En passant · Rav Itshak Tamar et les personnalités mentionnées
- Rav Itshak Tamar : Rabbin au conseil rabbinique de Tel Aviv, grand talmid chacham, qui a composé un commentaire sur le Talmud de Jérusalem intitulé "Aley Tamar", en environ sept volumes, couvrant l'ensemble du Talmud de Jérusalem.
- Sa bibliothèque : Il possédait une grande et importante bibliothèque, qui a été donnée après son décès, semble-t-il, à la yéchiva Har Etsion.
- La Birkat Kohanim chez le Rav Kook : Le Rav Waldenberg disait d'aller recevoir la bénédiction des kohanim dans la synagogue du Rav Kook à Jérusalem, car il était connu pour son amour du peuple juif, et la bénédiction doit être récitée avec amour.
En passant · Les coutumes de Haïfa et Safed concernant la Birkat Kohanim
- À Haïfa : La coutume est de suivre l'usage de la diaspora (Houts laAretz), où l'on ne fait la bénédiction des kohanim que les jours de fête (Yom Tov).
- À Safed (Tsfat) : Une telle coutume n'est pas connue.
- Raison possible : Ces coutumes n'ont pas de source claire. Il est possible que ceux qui ont fondé la communauté venaient de l'étranger et ont continué à suivre l'usage de la diaspora. De même, en Galilée, les premiers à s'y installer venaient de l'étranger.
- Autre raison tirée de la Guemara : La Guemara dit que les habitants de Haïfa et de Beit Chéan ne prononçaient pas bien les lettres. Or, lors de la Birkat Kohanim, il faut être précis dans la prononciation, comme pour le mot "Viychouneka". Certains y ont vu la raison pour laquelle ils ne faisaient pas la Birkat Kohanim toute l'année, mais seulement à Yom Tov.

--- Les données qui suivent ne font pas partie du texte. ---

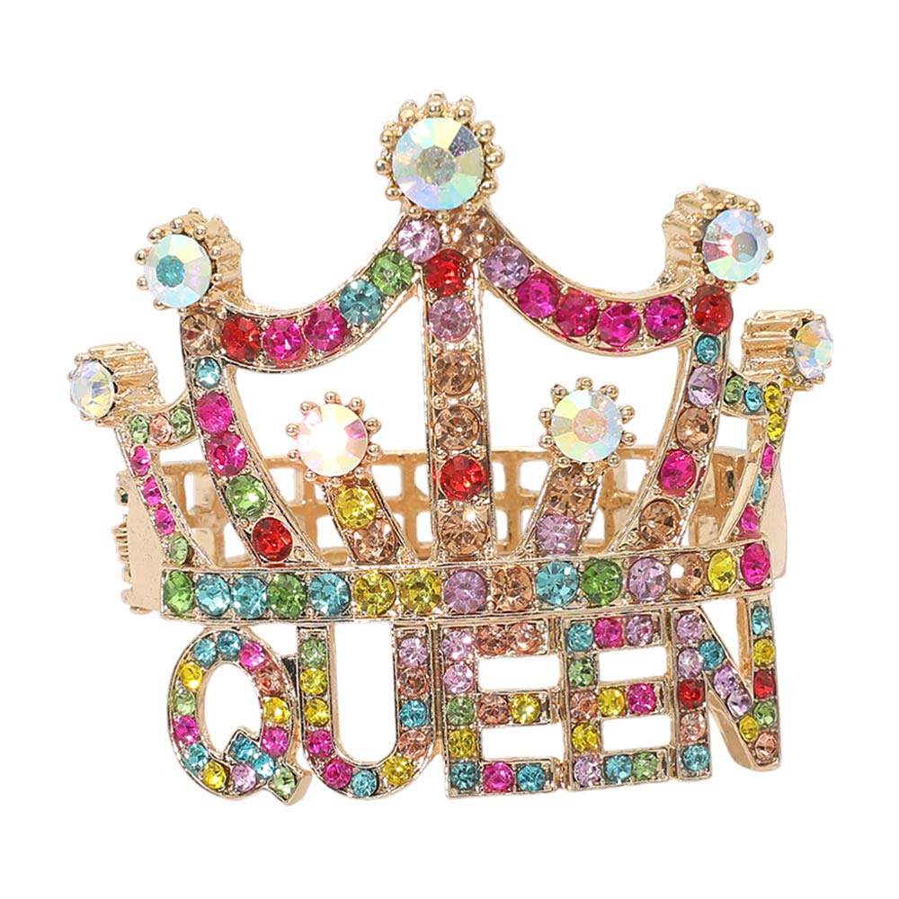 Details • Size : 3" H, 2.5" D • Hinged Closure • This queen crown statement brooch features a bold crown silhouette with sparkling stone accents and a raised QUEEN lettering design. A striking accessory for jackets, dresses, bags, or hats, perfect for fashion-forward styling, gifting, pageant looks, event wear, and boutique jewelry collections seeking a confident, eye-catching statement piece. • Lead and Nickel Compliant
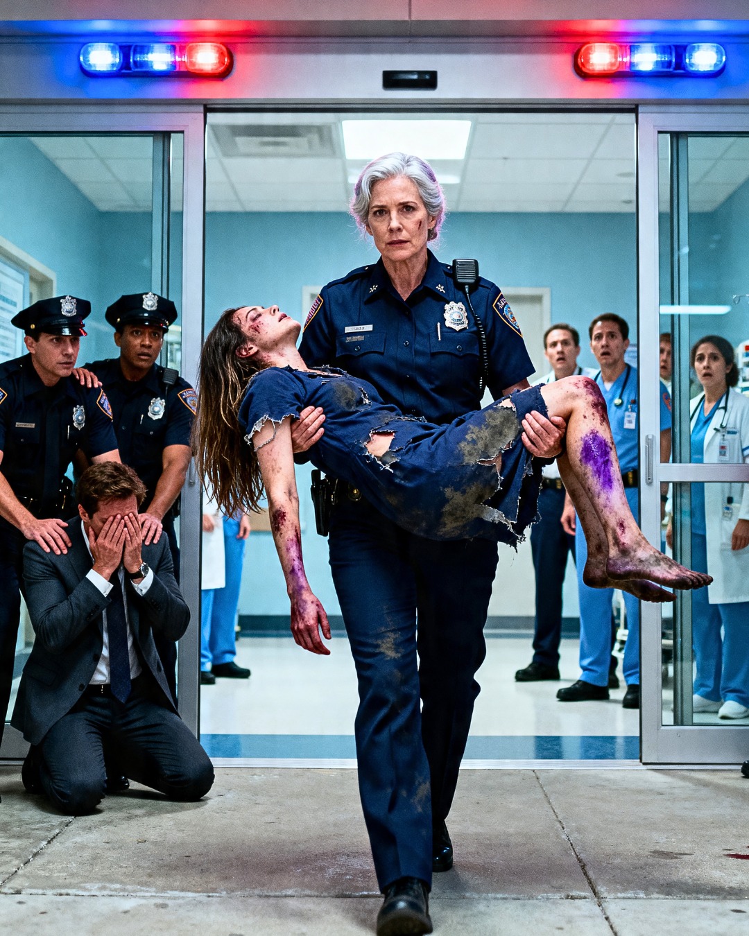 The emergency room was a blur of fluorescent light, antiseptic, and machine noise. I did not wait in line at triage. I walked straight to intake, flashed my detective’s shield, and let the nurses take one look at my badge and then at Rachel’s battered face.

En passant · Questions annexes soulevées
- Pourquoi avoir besoin d'un canal : Si la bénédiction vient du Saint béni soit-Il, pourquoi doit-elle passer par les kohanim et ne bénit-Il pas directement. Cette question n'a pas été expliquée ici.
- L'offrande d'un sacrifice par le propriétaire : De la même manière, on peut se demander pourquoi celui qui apporte un sacrifice ne l'offre pas lui-même, mais le donne au kohen. Il en va de même pour les autres services du Beth HaMikdach, qui ont été confiés aux kohanim.